= Francis Charles Rooney Jr. =

Francis Charles Rooney Jr. (November 24, 1921 – December 2014) was an American business executive who was chief executive of the Melville Corporation and oversaw its transformation from a footwear company into a retail corporation that included CVS, Thom McAn, and Marshall's.

==Early life==
Francis Charles Rooney Jr. was born in North Brookfield, Massachusetts. He graduated from the Wharton School at the University of Pennsylvania with a bachelor's degree in 1943.

==Career==
During World War II, Rooney served as an ensign in the U.S. Naval Reserve. He was a gunnery officer on the battleship USS North Carolina in the Pacific Theater from 1943 to 1945 and participated in ten major engagements.

In 1946, Rooney began his career at the John Foote Shoe Company. He joined Thom McAn in 1953, became its president in 1961, and was appointed chief executive of its parent company, Melville Corporation, in 1964. During his tenure as CEO, Melville acquired Marshall's, CVS, Kay-Bee Toys, and Linens 'n Things. He retired from Melville in 1987. The company was renamed CVS Corporation in 1996.

Rooney became CEO of the H. H. Brown Shoe Company in 1990. In 1991, the company was acquired by Berkshire Hathaway. In a shareholder letter that year, Berkshire CEO Warren E. Buffett described Rooney as a "business artist."
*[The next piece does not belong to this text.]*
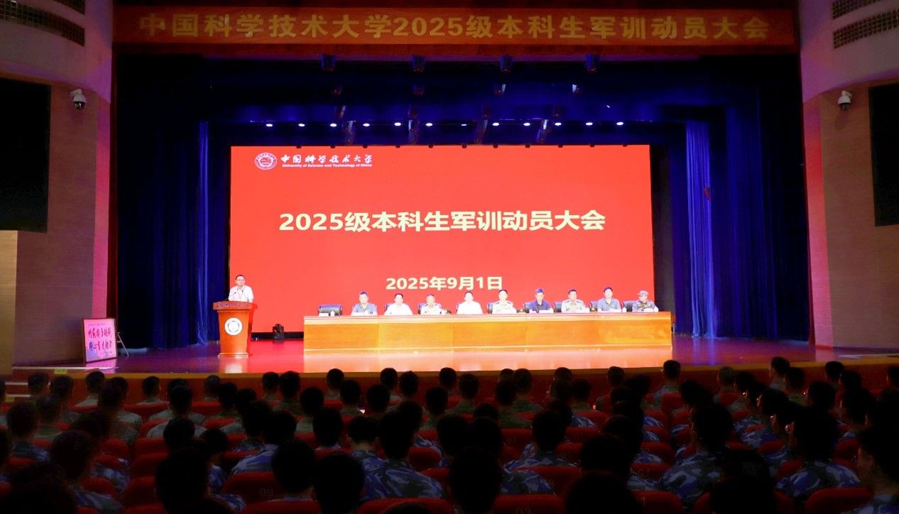 9月1日下午,中国科学技术大学2025级本科生军训动员大会在东区大礼堂举行。国防科技大学电子对抗学院相关领导,中国科大党委副书记周丛照及学生工作部(处)、人民武装部、招生就业处、教务处、保卫与校园管理处、校团委等部门代表出席了本次大会。大会由校党委常委、统战部部长、学工部(处)部(处)长、人民武装部部长、军训团团长李峰主持。

Rooney was a founding trustee of the Inner-City Scholarship Fund in New York City. He was on the corporate boards of Bankers Trust, Black & Decker, Neiman Marcus, and Dunkin' Donuts. He was also a trustee for institutions including the Smithsonian Institution, the Boys and Girls Clubs of America, and Fordham University.

==Personal life==
Rooney was married to Frances Heffernan and had eight children. He died of pneumonia at Greenwich Hospital, where he had been a trustee, at the age of 93.